EEG as a potential ground truth for the assessment of cognitive state in software development activities: A multimodal imaging study

PLoS One. 2024 Mar 7;19(3):e0299108. doi: 10.1371/journal.pone.0299108. eCollection 2024.

Abstract

Cognitive human error and recent cognitive taxonomy on human error causes of software defects support the intuitive idea that, for instance, mental overload, attention slips, and working memory overload are important human causes for software bugs. In this paper, we approach the EEG as a reliable surrogate to MRI-based reference of the programmer's cognitive state to be used in situations where heavy imaging techniques are infeasible. The idea is to use EEG biomarkers to validate other less intrusive physiological measures, that can be easily recorded by wearable devices and useful in the assessment of the developer's cognitive state during software development tasks. Herein, our EEG study, with the support of fMRI, presents an extensive and systematic analysis by inspecting metrics and extracting relevant information about the most robust features, best EEG channels and the best hemodynamic time delay in the context of software development tasks. From the EEG-fMRI similarity analysis performed, we found significant correlations between a subset of EEG features and the Insula region of the brain, which has been reported as a region highly related to high cognitive tasks, such as software development tasks.

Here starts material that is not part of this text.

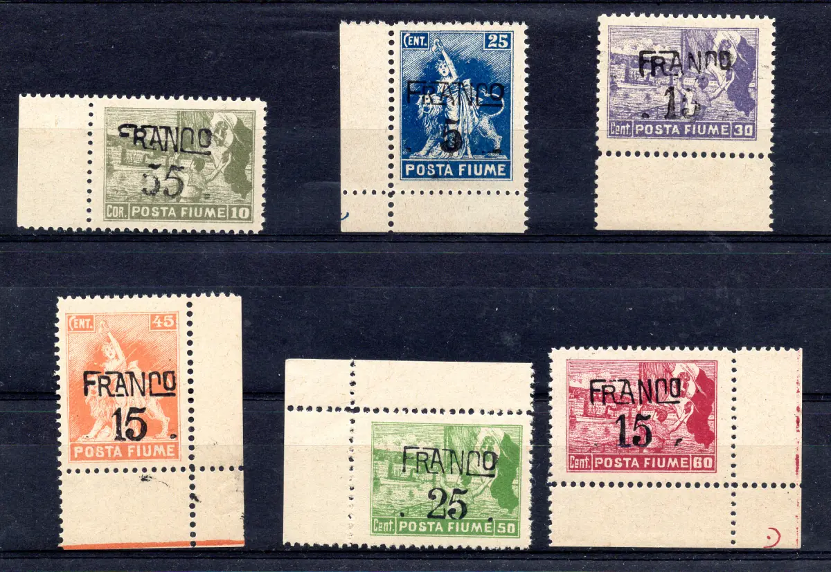 Fluss - Allegorie Posta Fiume überdruckt Franco Serie 6 Werte Vollgummi - Fluss - Allegorie Posta Fiume überdruckt Franco Nr. D75 // D87 komplette Serie 6 Werte - Selten - Kat. 137 n. 907/6

We concluded that despite a clear inter-subject variability of the best EEG features and hemodynamic time delay used, the most robust and predominant EEG features, across all the subjects, are related to the Hjorth parameter Activity and Total Power features, from the EEG channels F4, FC4 and C4, and considering in most of the cases a hemodynamic time delay of 4 seconds used on the hemodynamic response function. These findings should be taken into account in future EEG-fMRI studies in the context of software debugging.

MeSH terms

  • Brain* / physiology
  • Cognition
  • Electroencephalography* / methods
  • Humans
  • Magnetic Resonance Imaging / methods
  • Multimodal Imaging
  • Software

Grants and funding

J.M. gratefully acknowledges the Portuguese funding institution FCT (Foundation for Science and Technology) for supporting this research work under the Ph.D. grant 2020.07906.BD. The authors also acknowledge the Portuguese funding institution FCT (Foundation for Science and Technology) for supporting this research work under the project BASE (POCI - 01-0145 - FEDER- 031581). The funders had no role in study design, data collection and analysis, decision to publish, or preparation of the manuscript.